Required Reading: James et al. (2013, Ch.10)
Recommended Reading: Quinn et al. (2010)
Assignment: Exercise 7: Examining UK political parties and Immigration speeches using R and the quanteda package.
Day 8: Scaling Texts This topic introduces methods for placing documents on continuous dimensions or “scales”, introducing the major non-parametric methods for scaling documents and discusses the situations where scaling methods are appropriate. Building on the Naive Bayes classifier, we introduce the “Wordscores” method of Laver, Benoit and Garry (2003) and show the link between classification and scaling. We also discusses the similarities and differences to other non-parametric scaling models such as correspondence analysis. We then look at scaling texts based on parametric approaches modelling features as Bernoulli or Poisson distributed, and contrasts these methods to other alternatives, critically examining the assumptions such models rely upon.
Required Reading: Laver, Benoit and Garry (2003) Slapin and Proksch (2008) Lowe and Benoit (2013)
Recommended Reading: Martin and Vanberg (2007) Benoit and Laver (2007) Lowe (2008) Clinton, Jackman and Rivers (2004)
Assignment: Exercise 8: Wordscoring and “Wordfish” (Requires R).
Day 9: Clustering methods and topic models An introduction to hierarchical clustering for textual data, including parametric topic models such as Latent Dirichlet Allocation (LDA). We also look at recent work that tries to combine both scaling and topic modeling together in a “semi-supervised” approach.

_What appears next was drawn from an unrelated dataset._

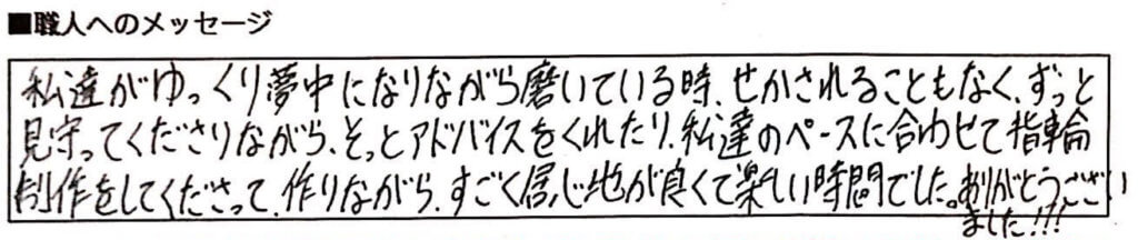 우리가 천천히 몰입하면서 닦고 있을 때, 조급해하지 않고 계속 지켜봐주시면서 부드럽게 조언도 해주시고, 우리의 속도에 맞춰서 반지 제작을 해주셔서, 만드는 동안 정말 편안하고 즐거운 시간이었습니다. 감사합니다!!!

Required Reading: Blei (2012) Blei, Ng and Jordan (2003) Baerg and Lowe (2016) Roberts et al. (2014)
Assignment: Exercise 9: Using LDA to estimate document topics.
Day 10: Text and Causal Inference We will discuss when and why QTA can lead us astray, making particular attention to concerns of reliability and validity.
Mozer, Reagan, et al. “Matching with text data: An experimental evaluation of methods for matching documents and of measuring match quality.” Political Analysis 28.4 (2020): 445-468. Roberts, Margaret E., Brandon M. Stewart, and Richard A. Nielsen. “Adjusting for confounding with text matching.” American Journal of Political Science 64.4 (2020): 887-903. Fong, Christian, and Justin Grimmer. “Discovery of treatments from text corpora.” Proceedings of the 54th Annual Meeting of the Association for Computational Linguistics (Volume 1: Long Papers). 2016.